→ **DIRECTIONS FOR THIS TASK**
Take the line with "Custom jersey with" and every line after it, through the end of the listing, and give them again exactly, pictures excluded.

→ **DATA**
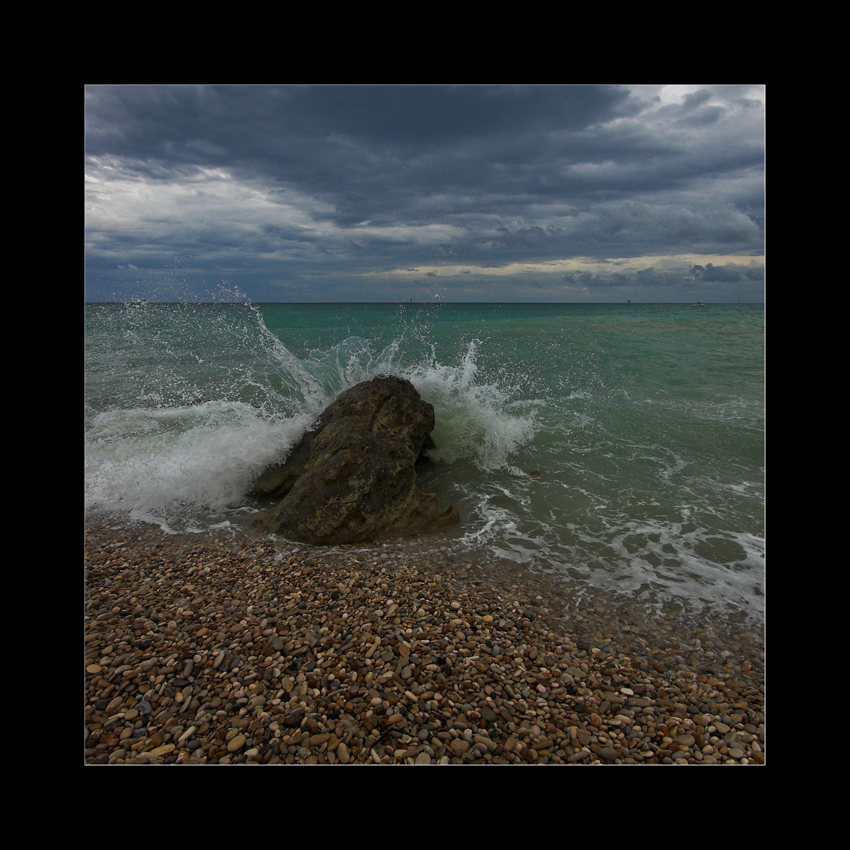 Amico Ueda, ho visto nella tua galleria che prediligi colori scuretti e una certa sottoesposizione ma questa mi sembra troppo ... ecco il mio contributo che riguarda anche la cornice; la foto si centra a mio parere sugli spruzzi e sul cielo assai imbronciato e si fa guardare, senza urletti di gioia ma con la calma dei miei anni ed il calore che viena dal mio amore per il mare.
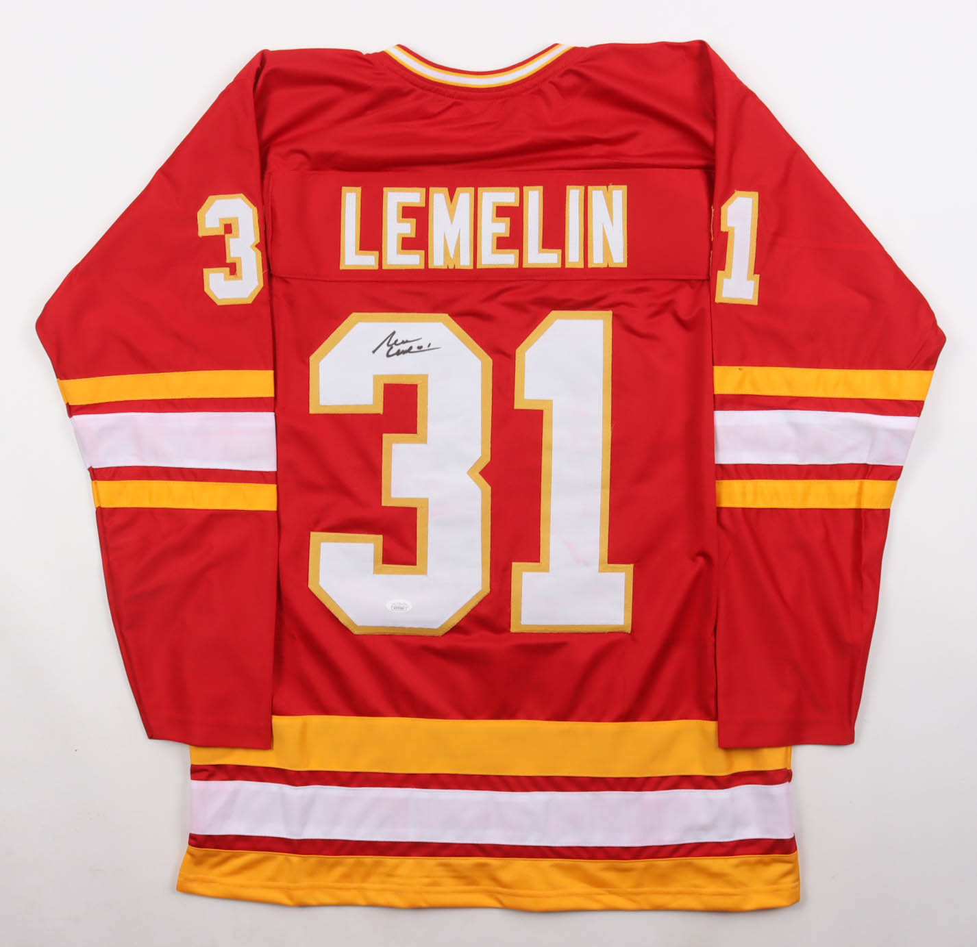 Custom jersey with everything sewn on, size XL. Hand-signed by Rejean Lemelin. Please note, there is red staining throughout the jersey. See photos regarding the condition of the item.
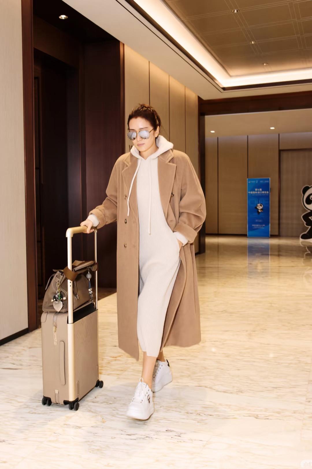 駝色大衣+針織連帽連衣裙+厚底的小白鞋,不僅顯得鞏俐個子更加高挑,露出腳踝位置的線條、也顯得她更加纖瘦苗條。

→ **REPLY TO THE EXERCISE**
 Custom jersey with everything sewn on, size XL. Hand-signed by Rejean Lemelin. Please note, there is red staining throughout the jersey. See photos regarding the condition of the item.
 駝色大衣+針織連帽連衣裙+厚底的小白鞋,不僅顯得鞏俐個子更加高挑,露出腳踝位置的線條、也顯得她更加纖瘦苗條。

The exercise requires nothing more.